2018 novel by David Szalay

Turbulence is a novel by David Szalay. It was first published in 2018 by Jonathan Cape.

==Synopsis==
The novel consists of twelve interlinked short stories, each following a separate character who is travelling by plane. Every chapter title consists of IATA airport codes separated by dashes, signifying the journey taken by that chapter's main character; examples include "LGW – MAD" and "MAD – DSS". One pattern in the novel is a chapter's main character having featured as a secondary character in the one preceding it; another is a chapter title's airport of arrival appearing in the following chapter title as the airport of departure. Additionally, the first chapter title's airport of departure (London Gatwick) is the final chapter title's airport of arrival. On top of which, one secondary character from the first chapter ("LGW – MAD") features again in the final chapter ("BUD – LGW"). The novel thus has a loop-like structure. The round-the-world travel route covered through the 12 chapters is as follows: London – Madrid – Dakar – São Paulo – Toronto – Seattle – Hong Kong – Saigon – Delhi – Kochi – Doha – Budapest – London.

==Reception==
Alex Preston's review for The Guardian lauded the novel's "effortless prose", and stated that it portrayed "humanity at its most desperate".

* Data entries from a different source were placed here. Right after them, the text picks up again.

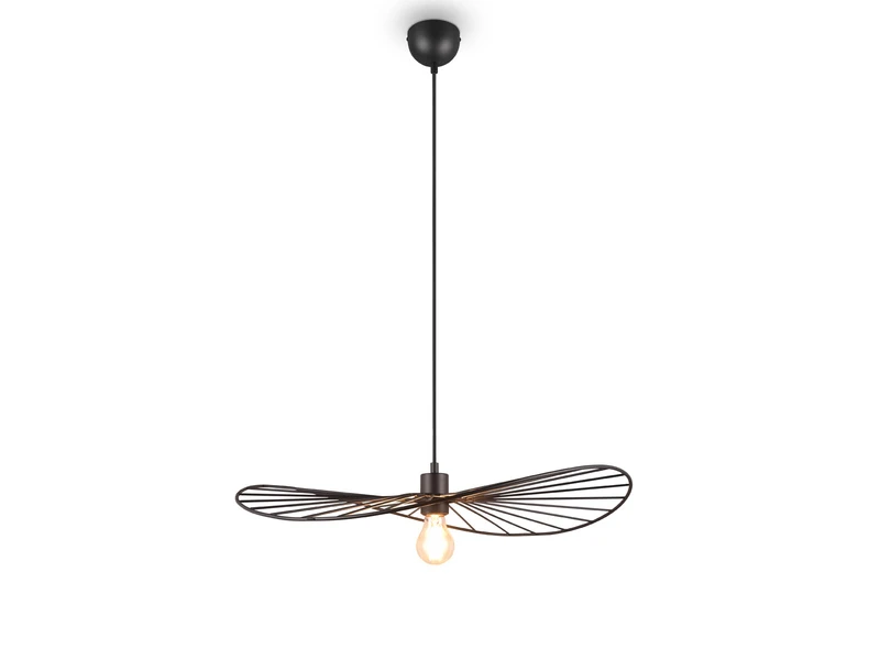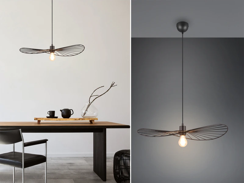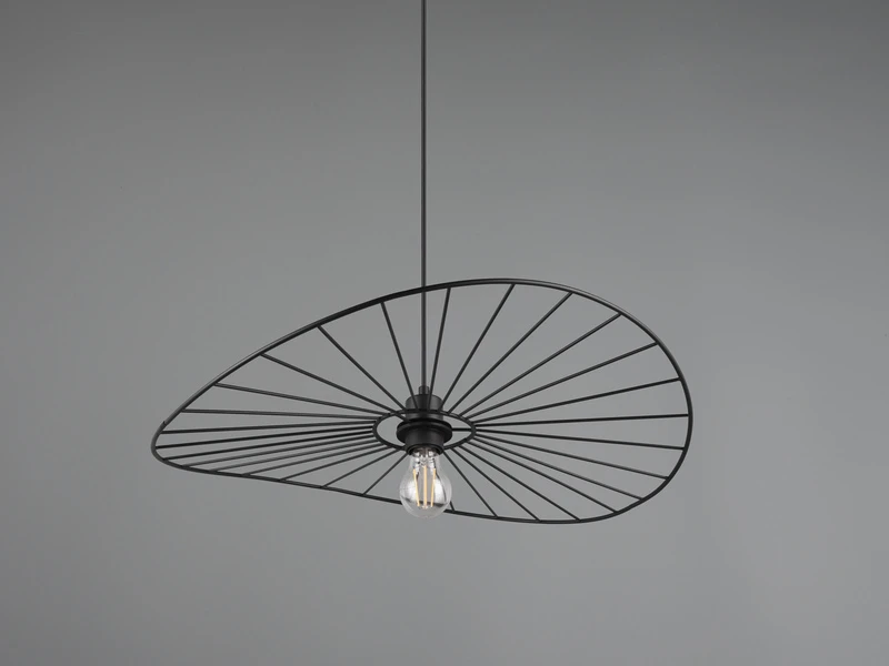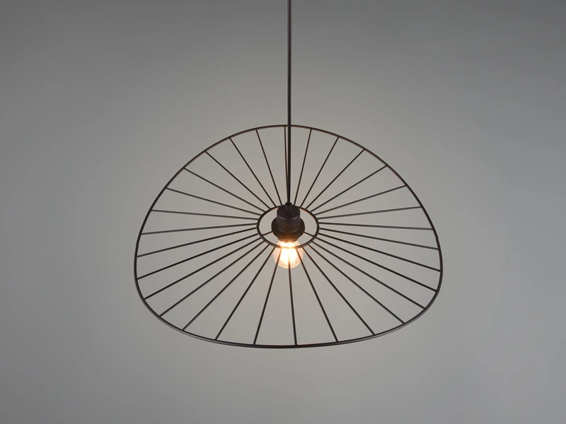 Das besondere Design der Hängeleuchte ist geprägt durch den filigranen Retro Leuchtenschirm mit einem Durchmesser von 60cm aus Metall in Schwarz matt.
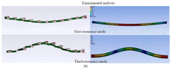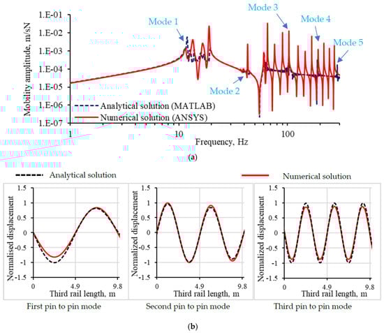 Figure 5b presents the mode shapes of the first three pin-to-pin modes obtained from both analytical solution and Ansys simulation. A two-span length of the third rail was shown to illustrate the mode shapes. In ANSYS modal analysis, the displacement of the beam is arbitrarily scaled. Therefore, the results from both the analytical and numerical solution are normalized by the maximum value. The results show how a point will be deflected or displaced relative to another.
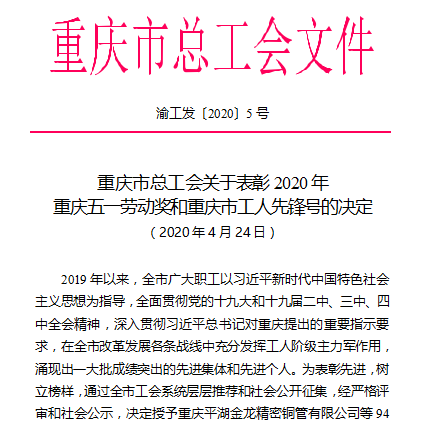 近日,重庆市总工会发布了《关于表彰2020年重庆五一劳动奖和重庆市工人先锋号的决定》,表彰一批为全市经济建设和社会发展及抗击“新冠”肺炎疫情工作中做出突出贡献的先进集体和先进职工。365官网荣获“重庆五一劳动奖状”。

In a review for The Independent, David Sexton praised Turbulence, calling it "a chilling achievement" that delves into themes of "human displacement, separation and loneliness" and ultimately "mortality itself".

In a further review for The Guardian, Justine Jordan said that "There's not an ounce of fat to be found, as decades of emotion hang in the spaces between the short, declarative sentences" and pointed out that Szalay employs a "radical simplicity of style" which means that "the stories operate through plot ironies and the sudden illumination of character".